Великое сидение, стр. 69

– Митька, ты про кулачки писал?

– Ага.

– И я тоже.

– Пиши, Гавря, про что хошь, только не жалобься. Прознают – попадет за жалобу, – предупреждал товарища по навигацкому учению Митька Шорников, сын бывшего петербургского гостинодворского купца. – Пиши, что до всего любопытно и нисколь жить не голодно.

– Пока письмо до дома дойдет, мы все тут, отощамши, околеем, – уныло вздохнул Гавря.

– Авось и с проголодью тож обвыкнемся. Пиши, что ладно все.

И Гавря продолжал писать:

«В судебную палату нас водили и там показывали статуйного человека над дверьми: вырезано из камня изображением женского полу, в образе Правды. А глаза платком завязаны, чтоб не видела ничего, и в одной руке держит весы, а в другой меч. А близко того дворца на море стояла галера и на ней галиоты, кои осуждены в вечную работу. У площади стоят предивного строения дома разных прокураторей и при них изрядные лавки, в коих продаются сладкие сахары и напитки: чекулаты, кафы, лимонаты, и табак дымовой и носовой. А до Венеции видели город Ульмунц. Там на воротах ратуши часы бьют перечасье музыкальным согласием, и в то время вырезанные из дерева куклы под названием марионеты, бьют в колокола руками, как живые люди, а двое в трубы трубят. Все это, маменька, зело предивно и смотреть можно глаз не оторвамши. И монастырь есть, где монахи носят серые одежды из сермяжного сукна и ходят босы, а мяса никогда не едят.

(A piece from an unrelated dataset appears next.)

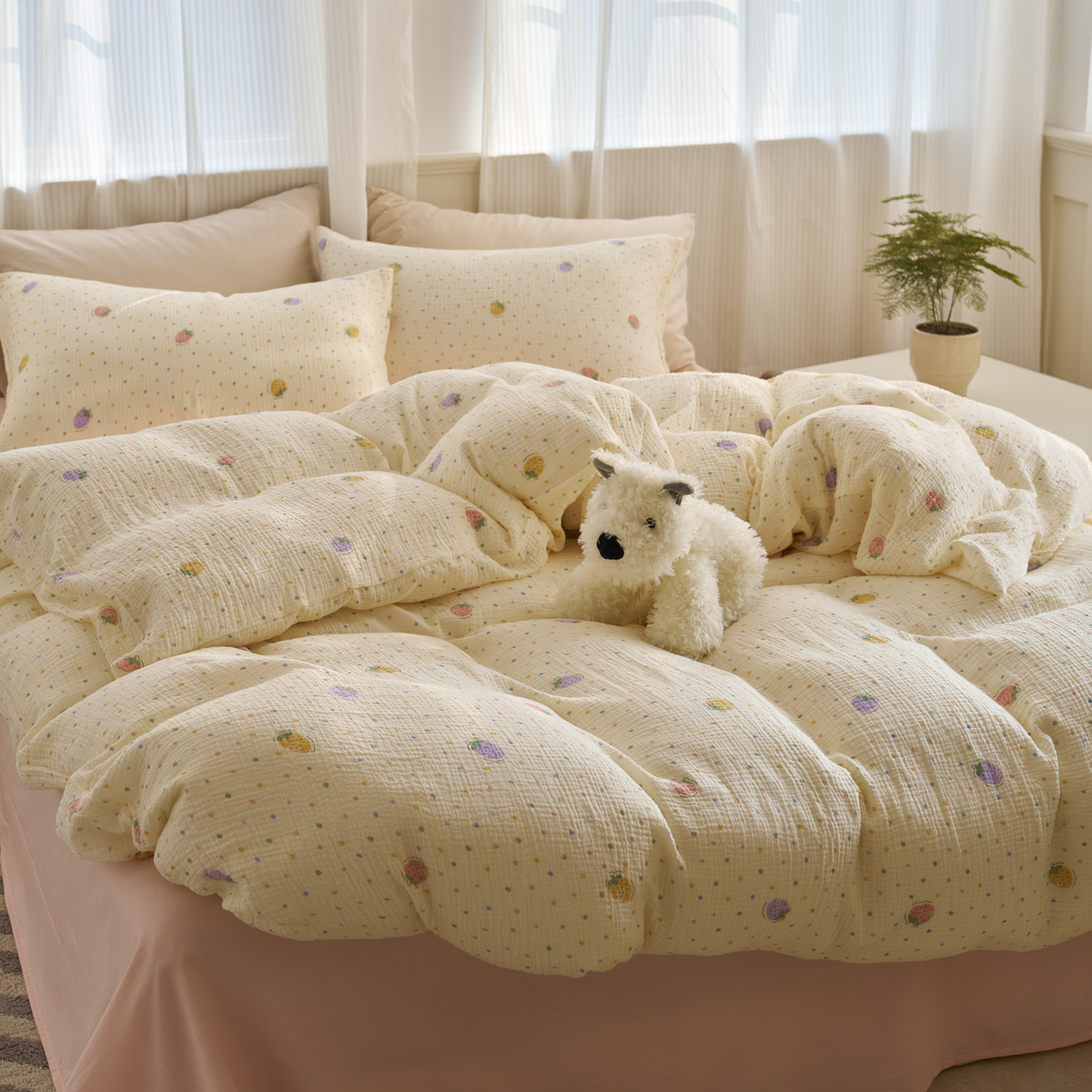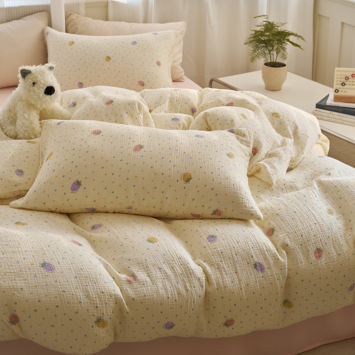 (总)洋铭区 2023新款全棉皱皱双层纱夏被,粉色郁金香,甜萝卜,旺旺熊,微笑,香甜草莓,小花仙,小鸭鸭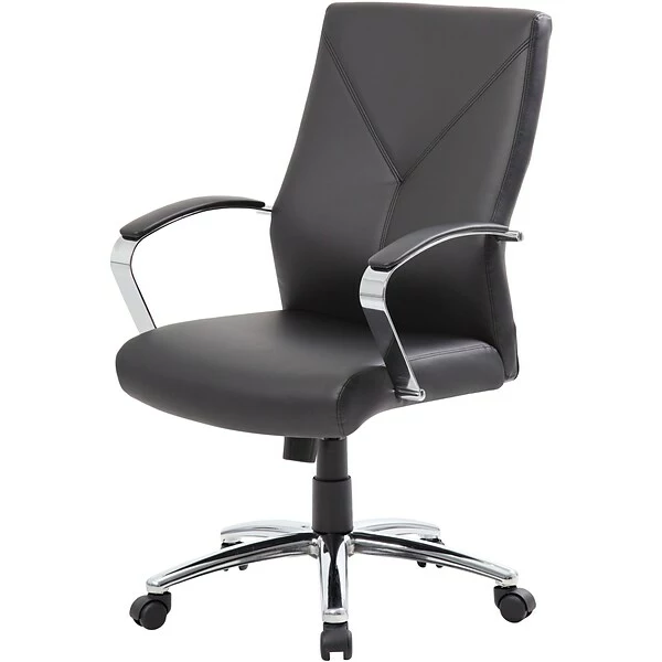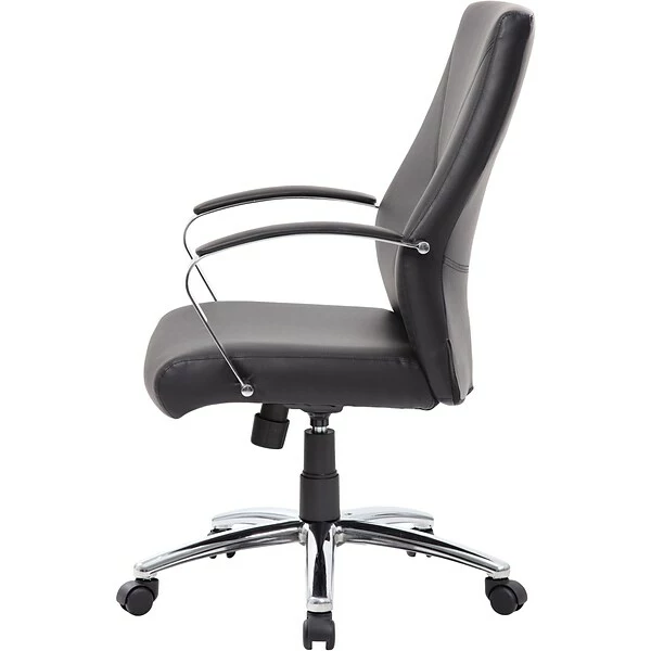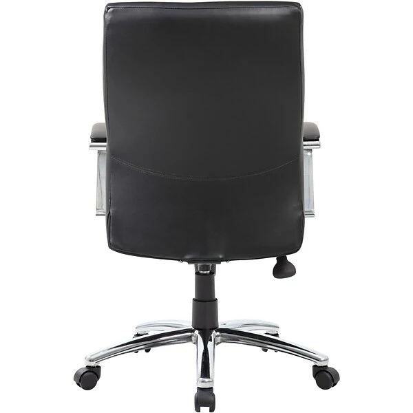 Beautifully upholstered in black LeatherPlus with metal chrome plated arms topped with soft arm pads. Features large 27″ chrome base with hooded double wheel casters.

(«Тоже и мы его почти не едим», – горестно подумал сочинитель письма, но о том ни словом не обмолвился.)

Бороду те монахи никогда не бреют, кроме воды, ничего не пьют и живут по одному в келье. На них смотреть не лестно, и больше ничего описать не могу. Обсказал обо всем, как дорогая и бесценная маменька наказывала мне, всегда и во всем покорному своему сынишке Гаврюшке.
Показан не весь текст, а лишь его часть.